Multimodal Large Language Models have advanced AI in applications like text-to-video generation and visual question answering. These models rely on visual encoders to convert non-text data into vectors, but current encoders either lack semantic alignment or overlook non-salient objects. We propose the Guiding Visual Encoder to Perceive Overlooked Information (GiVE) approach. GiVE enhances visual representation with an Attention-Guided Adapter (AG-Adapter) module and an Object-focused Visual Semantic Learning module. These incorporate three novel loss terms: Object-focused Image-Text Contrast (OITC) loss, Object-focused Image-Image Contrast (OIIC) loss, and Object-focused Image Discrimination (OID) loss, improving object consideration, retrieval accuracy, and comprehensiveness. Our contributions include dynamic visual focus adjustment, novel loss functions to enhance object retrieval, and the Multi-Object Instruction (MOInst) dataset. Experiments show our approach achieves state-of-the-art performance.

Paper Structure

This paper contains 17 sections, 13 equations, 3 figures, 4 tables.

Figures (3)

  • Figure 1: Motivation overview. (a) The original reconstruction-based encoder perceives the full image but is not aligned with textual semantics, thereby limiting its utility for LLMs in effectively interpreting the image embeddings. (b) The contrastive learning-based encoder only processes images without the benefit of textual instructions, leading to a focus solely on salient objects (Ⓟ) and neglecting user-specific concerns (Ⓞ). (c) Our proposed visual encoder addresses these limitations by flexibly adjusting its focus to highlight various objects, whether salient (Ⓢ) or non-salient (Ⓝ), according to the provided instructions.
  • Figure 2: Overall architecture of GiVE. The plug-in module, AG-Adapter, is inserted into the feature extraction layers of the visual encoder and trained with the three losses proposed in our work: Object-focused Image-Text Contrast (OITC), Object-focused Image-Image Contrast (OIIC), and Object-focused Image Discrimination (OID). Cross-attention is used to emphasize the visual elements most relevant to the textual instructions. The text instructions are pre-integrated into the prompt template designated as "a photo of {object}".
  • Figure 3: Learning objectives illustration.
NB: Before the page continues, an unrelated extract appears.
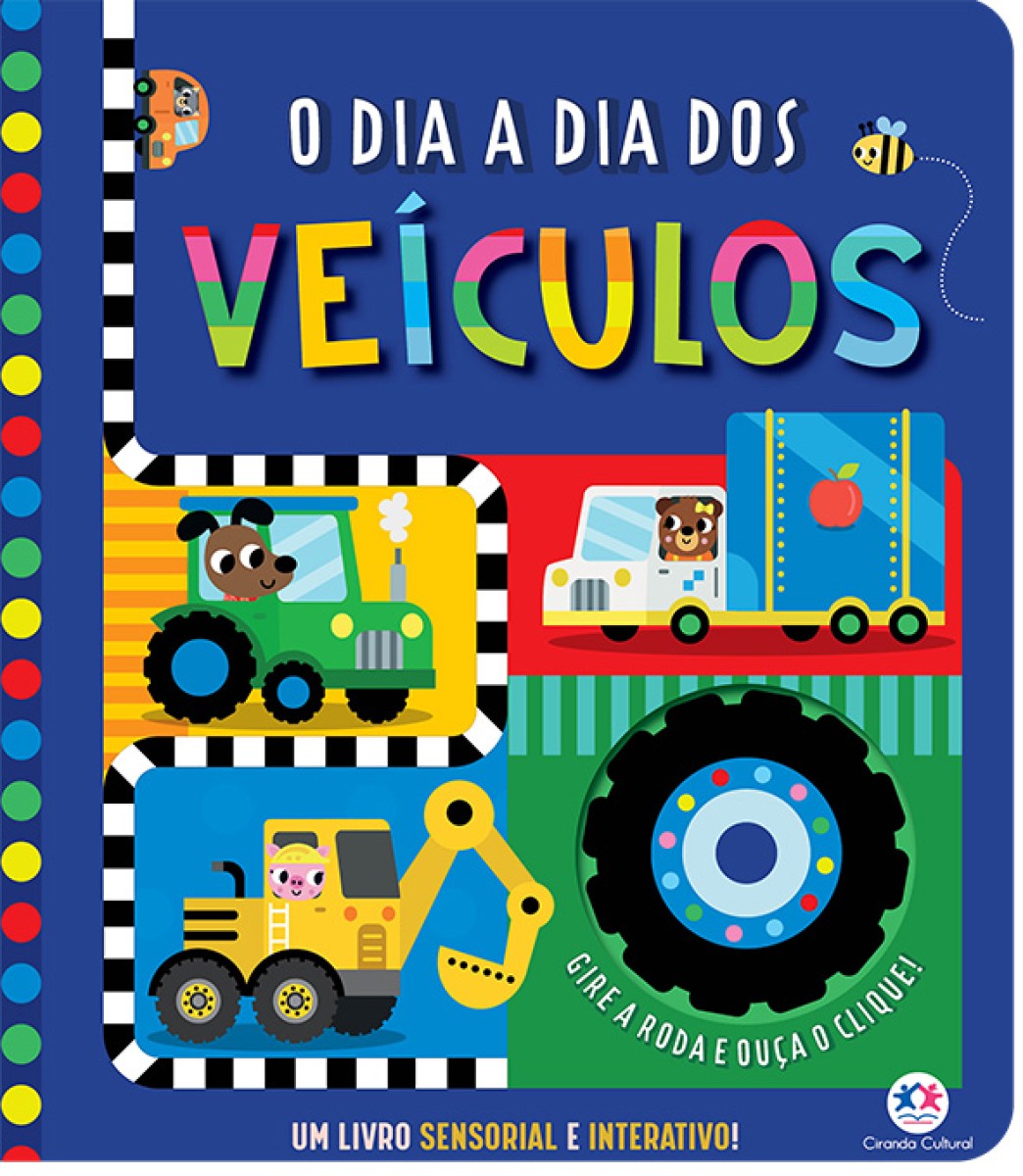 Gire a roda e acompanhe o dia a dia dos veículos. Um livro sensorial e divertido, perfeito para pequeninos com você!

The image and text encoders jointly compute three losses. (a) For Object-focused Image-Text Contrast, the paired text and image should not only correspond to each other but also correspond to the same semantic object. (b) Object-focused Image-Image Contrast requires the model to predict pairs of image features that contain the same semantic object. (c) Object-focused Image Discrimination determines whether a specific object exists in the image or not. The text instructions, such as "bike", are pre-integrated into the prompt template designated as "a photo of {object}".